ABSTRACT Adenovirus-based vectors are a very attractive platform for development of novel drug candidates for treatment of numerous genetic diseases and cancer. Currently, the prevailing view of requisites for effective virus-based cancer therapeutics includes i) a potent cytotoxic capacity to trigger virus-mediated killing of as many tumor cells as possible in the shortest period of time, and ii) the capacity for stimulating adaptive anti-tumor immune response. While early efforts to develop potent oncolytic therapeutics were primarily focused on harnessing or even increasing virus-mediated tumor cell cytotoxicity, new data suggest that in vivo, therapeutic efficacy of viruses with low cytotoxic capacity is comparable or even better than that of viruses which are highly effective at killing cancer cells in vitro. The mechanistic factors underlying this mismatch between efficacy and potency in vivo remain poorly understood. While evaluating the therapeutic efficacy of systemically administered adenovirus-based vectors in a mouse model of disseminated lung cancer, we found that virus dose escalation leads to a reduction in median survival of tumor-bearing mice. In mice that developed a ‘non-responder’ phenotype, myeloid cells become highly activated in response to adenovirus administration. Based on these findings we propose the novel concept of a “reparative call”, whereby efficient tumor cell killing by the virus triggers activation of tumor-associated myeloid cells, which in turn secrete pro-tumorigenic growth factors, triggering accelerated tumor growth. This project is designed to comprehensively address mechanistic aspects of this concept by analyzing how cytotoxic potency may affect the efficacy of systemic virotherapy with Ad-based vectors. We will determine the mechanistic role of tumor-derived IL-33 in driving myeloid cell activation and will develop novel Ad vectors expressing soluble IL-33R to block IL-33-dependent tumor-cell activation. We will further analyze the therapeutic efficacy of soluble IL-33R-expressing Ad vectors in combination with clinically relevant drugs that target myeloid cells and the PD-1 pathway. The successful completion of this project will significantly advance our understanding of fundamental factors that are critical for effective clinical translation of Ad-based vector systems for therapy of neoplastic disease.

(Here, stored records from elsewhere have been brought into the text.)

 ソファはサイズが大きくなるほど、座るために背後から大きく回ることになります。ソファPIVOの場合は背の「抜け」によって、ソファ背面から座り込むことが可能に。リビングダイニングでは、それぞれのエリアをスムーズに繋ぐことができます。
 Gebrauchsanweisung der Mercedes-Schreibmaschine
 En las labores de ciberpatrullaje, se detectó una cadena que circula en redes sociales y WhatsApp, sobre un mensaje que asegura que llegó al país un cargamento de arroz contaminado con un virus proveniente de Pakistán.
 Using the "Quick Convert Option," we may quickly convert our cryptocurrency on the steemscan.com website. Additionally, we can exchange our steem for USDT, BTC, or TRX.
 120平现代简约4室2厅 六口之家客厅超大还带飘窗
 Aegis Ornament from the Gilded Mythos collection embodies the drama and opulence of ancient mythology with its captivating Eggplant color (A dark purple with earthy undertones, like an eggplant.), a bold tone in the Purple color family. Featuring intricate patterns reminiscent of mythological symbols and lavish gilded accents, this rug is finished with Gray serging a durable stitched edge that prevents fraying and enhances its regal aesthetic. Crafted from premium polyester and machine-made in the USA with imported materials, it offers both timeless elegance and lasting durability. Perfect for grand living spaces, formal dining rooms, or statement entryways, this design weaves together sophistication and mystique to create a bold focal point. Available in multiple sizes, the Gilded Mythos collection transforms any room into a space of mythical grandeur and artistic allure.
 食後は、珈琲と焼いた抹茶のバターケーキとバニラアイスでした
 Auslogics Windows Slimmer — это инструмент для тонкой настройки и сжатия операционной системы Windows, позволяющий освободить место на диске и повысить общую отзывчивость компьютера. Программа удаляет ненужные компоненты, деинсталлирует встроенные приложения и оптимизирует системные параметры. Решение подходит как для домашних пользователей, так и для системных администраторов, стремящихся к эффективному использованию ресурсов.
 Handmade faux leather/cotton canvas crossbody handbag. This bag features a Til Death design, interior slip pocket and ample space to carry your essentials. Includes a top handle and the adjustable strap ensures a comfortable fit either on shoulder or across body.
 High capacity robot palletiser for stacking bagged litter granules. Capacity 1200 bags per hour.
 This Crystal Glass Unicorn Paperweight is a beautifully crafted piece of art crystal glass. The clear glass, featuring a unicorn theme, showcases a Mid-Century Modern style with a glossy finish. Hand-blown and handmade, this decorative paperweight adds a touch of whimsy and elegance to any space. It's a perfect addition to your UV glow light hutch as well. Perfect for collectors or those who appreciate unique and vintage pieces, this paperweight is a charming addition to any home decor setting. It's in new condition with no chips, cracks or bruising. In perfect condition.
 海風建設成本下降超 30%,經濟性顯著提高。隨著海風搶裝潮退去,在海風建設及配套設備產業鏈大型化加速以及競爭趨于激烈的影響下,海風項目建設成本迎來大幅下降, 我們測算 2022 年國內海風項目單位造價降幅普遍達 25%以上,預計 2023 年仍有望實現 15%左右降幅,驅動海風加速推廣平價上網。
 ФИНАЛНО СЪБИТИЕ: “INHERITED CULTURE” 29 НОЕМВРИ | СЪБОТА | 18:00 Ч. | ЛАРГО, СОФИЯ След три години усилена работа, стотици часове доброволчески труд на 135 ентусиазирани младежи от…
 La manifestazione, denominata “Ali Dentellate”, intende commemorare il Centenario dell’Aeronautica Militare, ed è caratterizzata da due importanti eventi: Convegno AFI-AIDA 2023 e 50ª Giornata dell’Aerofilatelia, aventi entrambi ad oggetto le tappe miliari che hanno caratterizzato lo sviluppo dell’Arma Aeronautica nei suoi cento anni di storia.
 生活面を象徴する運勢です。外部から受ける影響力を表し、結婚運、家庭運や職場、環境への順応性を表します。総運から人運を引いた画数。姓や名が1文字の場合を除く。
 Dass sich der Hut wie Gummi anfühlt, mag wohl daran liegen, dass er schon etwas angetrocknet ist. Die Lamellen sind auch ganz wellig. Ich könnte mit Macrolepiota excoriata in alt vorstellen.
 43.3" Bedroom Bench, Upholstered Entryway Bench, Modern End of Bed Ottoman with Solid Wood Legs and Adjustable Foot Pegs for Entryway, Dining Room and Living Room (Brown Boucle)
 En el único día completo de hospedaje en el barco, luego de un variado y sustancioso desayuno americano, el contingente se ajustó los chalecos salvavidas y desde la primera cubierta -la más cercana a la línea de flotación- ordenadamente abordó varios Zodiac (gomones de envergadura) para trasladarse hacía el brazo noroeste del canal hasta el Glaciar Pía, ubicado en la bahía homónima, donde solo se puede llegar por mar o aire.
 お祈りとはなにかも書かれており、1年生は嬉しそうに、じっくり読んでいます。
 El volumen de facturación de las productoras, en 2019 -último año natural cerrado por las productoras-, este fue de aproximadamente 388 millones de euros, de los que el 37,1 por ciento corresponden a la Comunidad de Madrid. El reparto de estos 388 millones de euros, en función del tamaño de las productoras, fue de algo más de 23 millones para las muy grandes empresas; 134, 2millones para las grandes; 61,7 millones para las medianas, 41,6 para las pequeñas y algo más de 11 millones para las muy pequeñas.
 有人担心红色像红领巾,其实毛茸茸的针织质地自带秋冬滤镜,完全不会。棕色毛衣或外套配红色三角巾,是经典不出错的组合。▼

抽象的 基于腺病毒的载体是开发治疗新候选药物的非常有吸引力的平台 目前，流行的观点认为需要以病毒为基础来治疗多种遗传病。 癌症疗法包括 i) 强大的细胞毒性能力，可触发病毒介导的杀死尽可能多的肿瘤细胞 尽可能在最短的时间内，以及ii)刺激适应性抗肿瘤免疫的能力 虽然开发有效的溶瘤疗法的早期努力主要集中在利用或 新数据表明，甚至增加病毒介导的肿瘤细胞的细胞毒性，在体内，治疗效果 低细胞毒能力的病毒与高效的病毒相当甚至更好 体外杀死癌细胞的机制因素。 在评估全身给药的治疗效果时，对体内的了解仍知之甚少。 在播散性肺癌小鼠模型中使用基于腺病毒的载体，我们发现病毒剂量递增 导致荷瘤小鼠的中位生存期降低。 根据这些表型，骨髓细胞响应腺病毒给药而变得高度激活。 研究结果我们提出了“修复呼叫”的新概念，即病毒有效杀死肿瘤细胞 触发肿瘤相关骨髓细胞的激活，进而分泌促肿瘤生长因子， 该项目旨在全面解决机制方面的问题。 通过分析细胞毒性效力如何影响基于 Ad 的全身病毒疗法的疗效，理解了这一概念 我们将确定肿瘤来源的 IL-33 在驱动骨髓细胞激活中的机制作用，并将 我们将开发表达可溶性 IL-33R 的新型 Ad 载体来阻断 IL-33 依赖性肿瘤细胞激活。 结合临床进一步分析表达可溶性IL-33R的Ad载体的治疗效果 靶向骨髓细胞和PD-1通路的相关药物将顺利完成。 显着增进我们对有效临床转化至关重要的基本因素的理解 用于治疗肿瘤疾病的基于广告的载体系统。